In generale, il miglioramento delle condizioni di accoglienza ha
influito sulla diminuzione degli allontanamenti, ma la percentuale
rimane elevata, per ragioni anche collegate al progetto migratorio
dei minori e alle loro esigenze individuali. Inoltre, la mancanza di
una prospettiva chiara di integrazione (anche causata dalle
modifiche introdotte dalla legge 94/20092) e la
difficoltà di ricongiungimento con eventuali familiari o affidatari
presenti sul territorio sono sicuramente tra le cause di questo
allontanamento. Save the Children esprime la propria preoccupazione
in merito e sottolinea come al momento dell’allontanamento, i minori
si trovino in una condizione di rischio poiché sprovvisti di
permesso di soggiorno e quindi maggiormente esposti a situazioni di
sfruttamento, soprattutto di tipo lavorativo.
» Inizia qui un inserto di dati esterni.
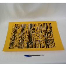 DESENHO (40X29,5 CM) A NANQUIM, SOBRE CARTOLINA LARANJA. RETRATA FACHADA DE UM EDIFÍCIO, QUE LEMBRA UMA IGREJA, COM PÓRTICOS CONTENDO ESTÁTUAS E ESCULTURAS RENASCENTISTAS. NO CANTO INFERIOR DIREITO, 'Mº ENZO NATELLA / 20 VIII 1998'. ATRÁS, 'PARTICOLARE DELLA FACCIATA DEL DUOIO DI MILANO / FOTO BROGI / ENCICLOPEDIA TRECCANI / EDIZIONE 1934 / TAVOLA LXVII / PROF. ELISABETTA BARBIERI'. ACONDICIONADO EM PASTA PLÁSTICA.
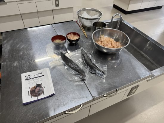 鰹節についての話をして、削り節を食べて、だしを取ります。
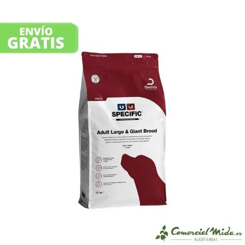 El alimento seco Adult Large & Giant Breed CXD-XL de Specific es un pienso que ha sido diseñado para satisfacer las necesidades nutricionales específicas de las razas de perros adultos grandes y gigantes. Cuenta con elevados niveles de fibra y los ingredientes son muy digeribles para contribuir a reafirmar las heces más blandas, muy comunes entre las razas de estos tamaños. Las croquetas son de un tamaño extra grande para estimular la masticación. En su composición destacan los niveles altos de Omega 3 de pescado y otros ingredientes que contribuyen a que la digestión sea saludable. Ayuda a controlar el peso corporal ideal gracias a los niveles moderados de energía. Este pienso apoya una vida activa y saludable.
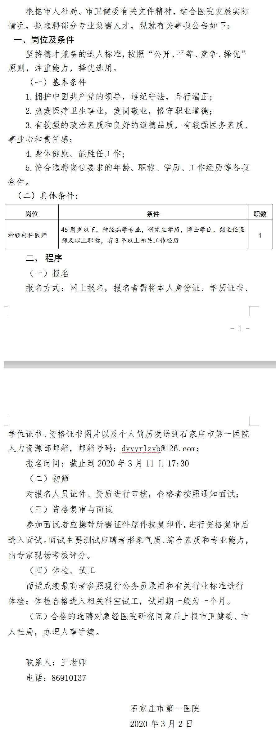 【醫(yī)療招聘】2020石家莊市第一醫(yī)院關(guān)于選聘急需人才的公告
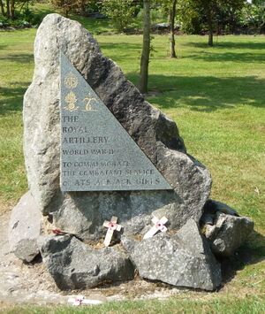 ATS 'Ack-Ack Girls' memorial at the National Memorial Arboretum. The badges depicted are those of the ATS, Royal Artillery and Anti-Aircraft Command.
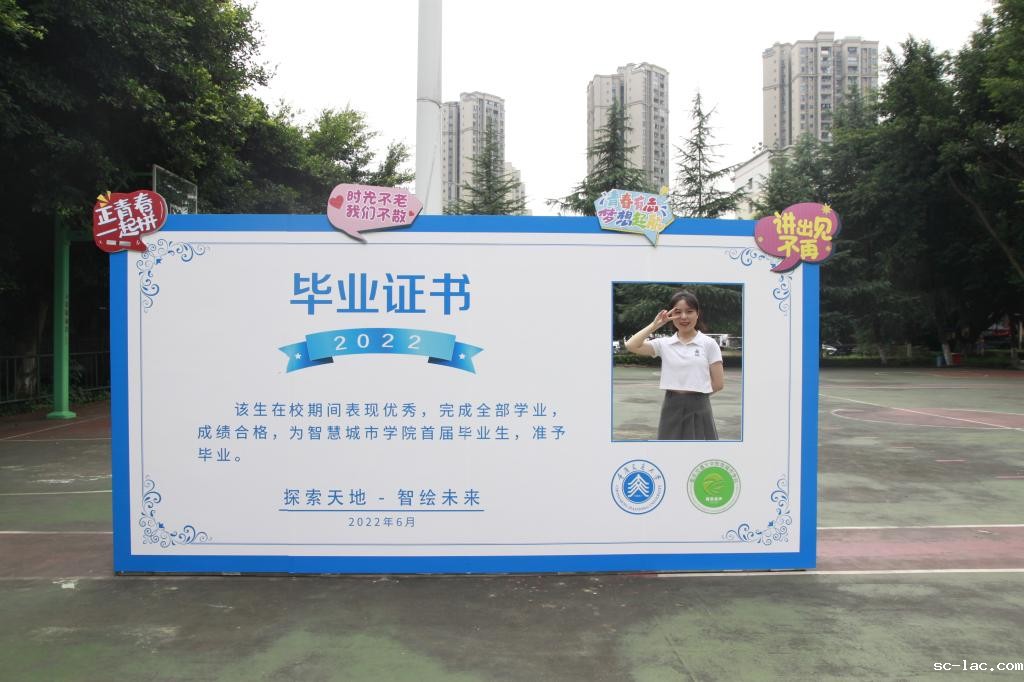 三三两两的智慧学子驻足在一张“毕业证书”前,留下特殊的毕业照。明天,你们即将远行,请用这张特写纪念梦想起飞的地方吧。
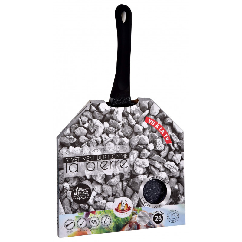 - Fabriquée dans des matériaux résistants, la poêle à crêpes KITCHEN PRO™ poignée SOFT-TOUCH est garantie 15 ans. Elle s'utilise sur tous types de feux : gaz, électrique, vitrocéramique et induction. Elle est également facile à nettoyer.
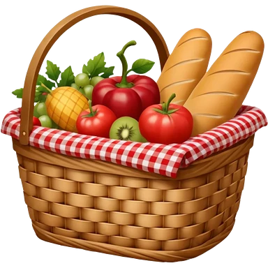 wicker basket with picnic cloth in it emoji
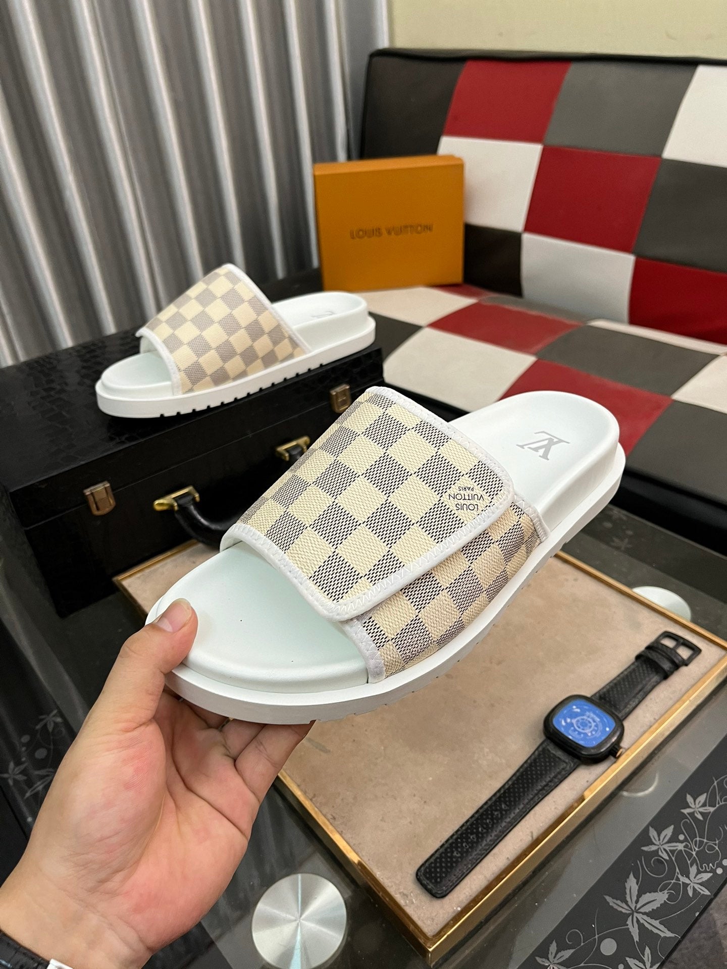 MIAMI MULE IN BEIGE CREAM DAMIER JACQUARD
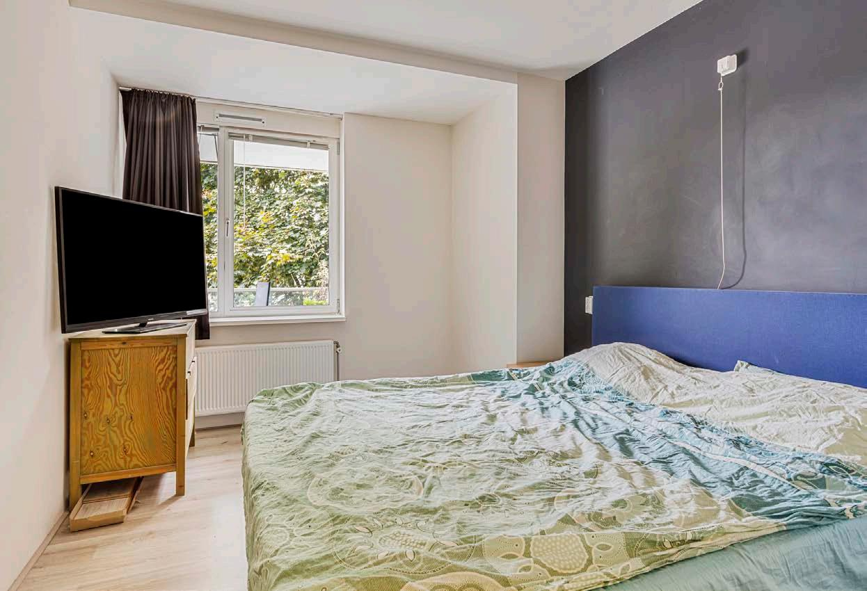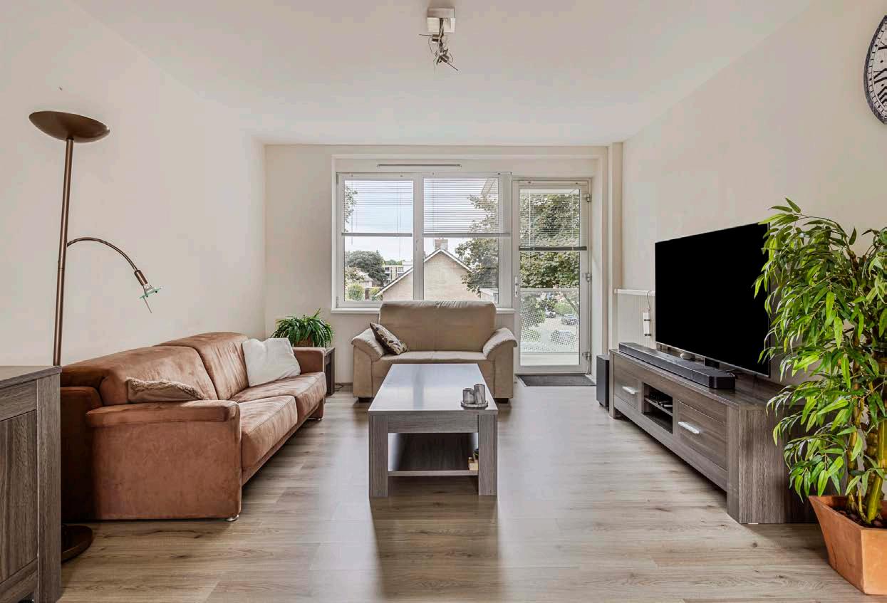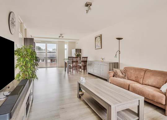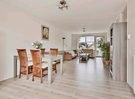 De woonkamer is een van de blikvangers van dit appartement. De grote raampartijen in zowel de voor- als achtergevel zorgen voor een overvloed aan natuurlijk licht, waardoor de ruimte fris en uitnodigend aanvoelt. De woonkamer is netjes afgewerkt, met een mooie laminaatvloer en strak gestuukte wanden, en biedt voldoende ruimte voor een comfortabele zithoek en een eettafel.
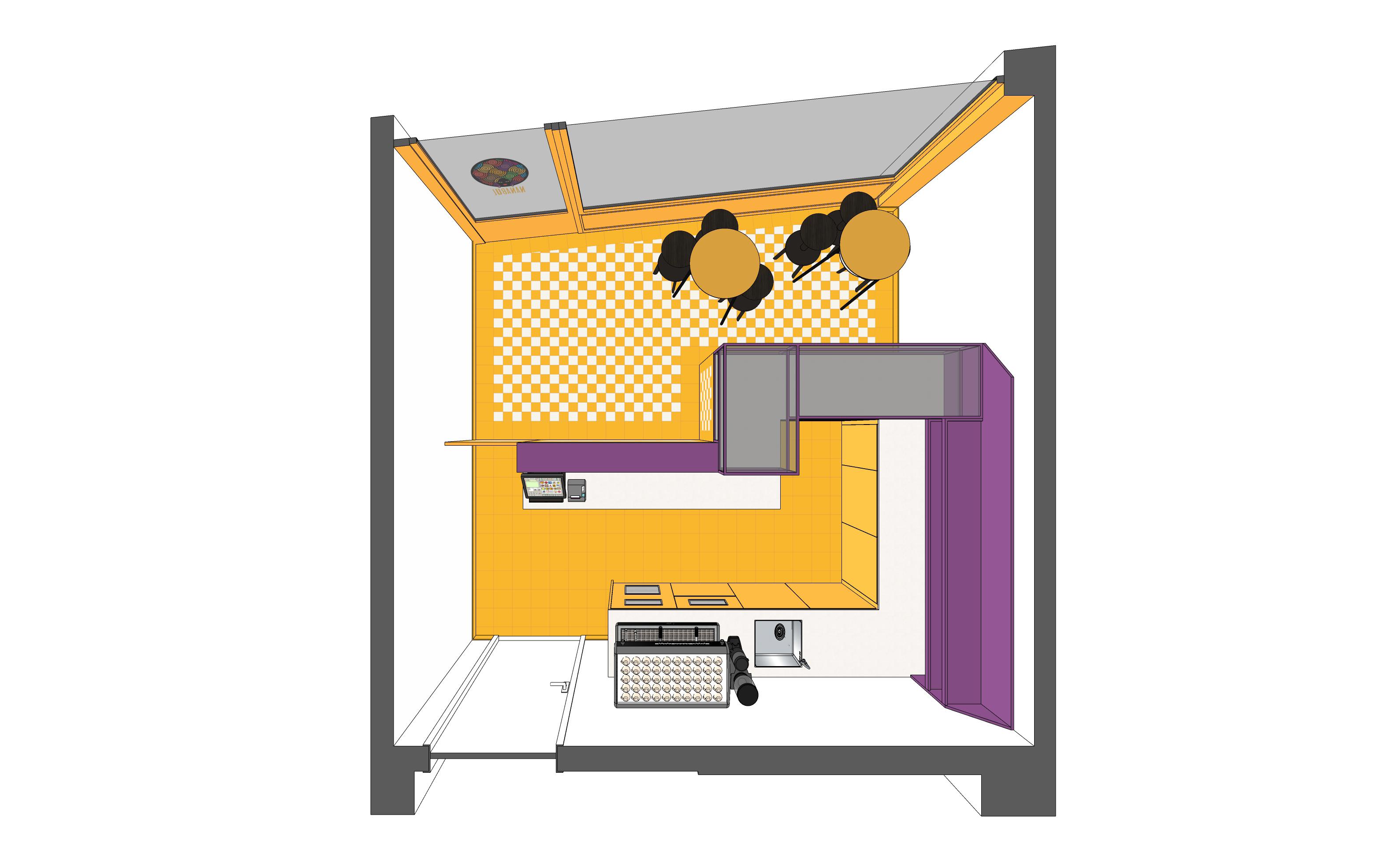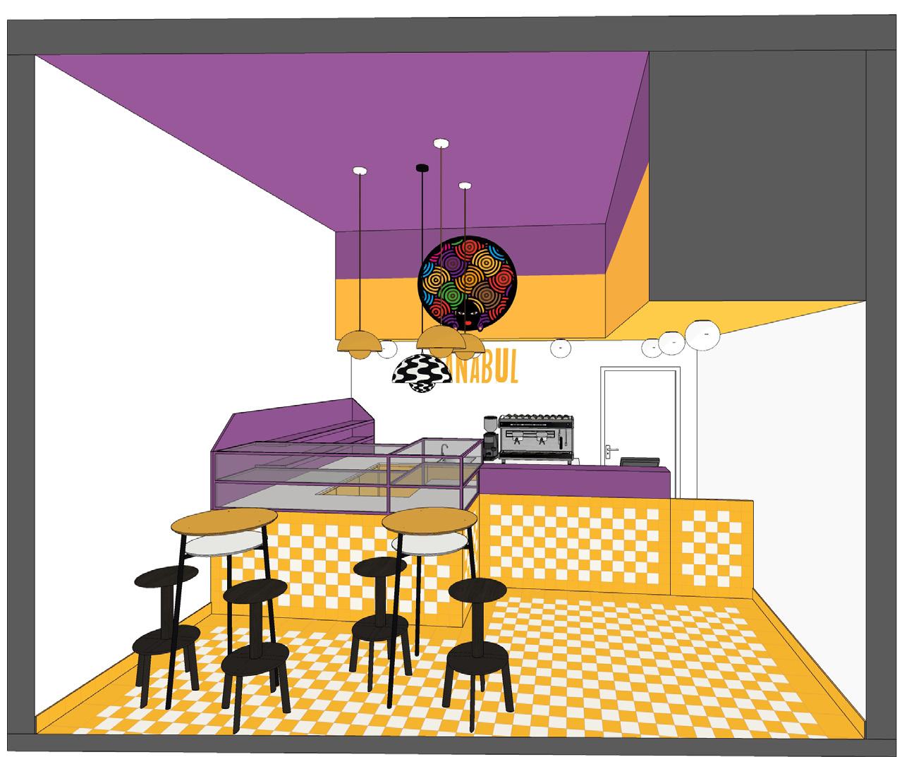 Contrasti di colore e impatto visivo sono alla base di questo progetto di ristrutturazione di un negozio in via Lario, con l’obiettivo di dare vita a un nuovo locale dallo spirito “divertente”. La pavimentazione del negozio, con un mosaico studiato ad hoc bianco e giallo con fughe viola, segue l’andamento del bancone su misura e si estende su di esso come se fosse un arazzo. A completamento del carattere giocoso e pop dell’intervento, una serie di strutture viola, funzionali all’attività commerciale, vanno ad appoggiarsi sul volume basso del bancone stesso, per un continuo rimando grafico al retrostante logo del locale.

Per garantire adeguata tutela e protezione dei minori sul
territorio, Save the Children raccomanda di:
effettuare una verifica rispetto alle prassi adottate per la
gestione degli arrivi via mare, individuando procedure corrette e
standardizzate (anche in materia di accertamento dell’età) e
garantendo uniformità di implementazione;
a livello locale, proseguire sul piano della riorganizzazione della
gestione dell’accoglienza dei minori sul territorio attraverso
l’istituzione di un sistema di monitoraggio efficace degli standard
di accoglienza nelle comunità e l’attivazione di un sistema
centralizzato per gli inserimenti dei minori basato sulle
disponibilità di accoglienza e gli standard offerti;
a livello nazionale, garantire un maggior coordinamento tra i
livelli istituzionali nazionale e locale anche attraverso un piano
di accoglienza nazionale che tenga conto del numero di presenze dei
minori migranti ma anche del trend di arrivi e goda delle risorse
finanziarie necessarie;
per quanto concerne la conversione dei permessi di soggiorno dei
minori stranieri non accompagnati, garantire la possibilità di
convertire il permesso di soggiorno ai minori affidati o sottoposti
a tutela, che compiranno la maggiore età entro due anni dall’entrata
in vigore della norma, senza ulteriori requisiti;
garantire la possibilità di convertire il permesso di soggiorno ai
minori sottoposti ad affidamento familiare (artt. 4 e 9 L.
184/1983);
di eseguire un’attività di regolare monitoraggio sull’applicazione
della normativa in materia di rilascio del permesso di soggiorno ai
minori non accompagnati al compimento del diciottesimo anno di età.
NOTE:
1 L’attività di monitoraggio è svolta da Save the
Children nell’ambito del Progetto Praesidium IV, in partnership con
UNHCR, IOM e Croce Rossa, e con il coordinamento del Ministero
dell’Interno. Un team dell’Organizzazione,composto da una consulente
legale, un operatore sociale e un mediatore culturale, ha visitato
le comunità ove sono stati inseriti i minori stranieri non
accompagnati in arrivo da Lampedusa e dalle coste della Sicilia,
raccogliendo informazioni sia dagli enti gestori delle strutture che
dagli stessi minori accolti, attraverso interviste semi-strutturate.
2 La Legge in esame, infatti, ha re-introdotto i
requisiti temporali necessari per la conversione del permesso di
soggiorno (tre anni di permanenza in Italia o due anni di
partecipazione ad un programma di integrazione, oltre al requisito
dell’apertura della tutela o dell’affidamento).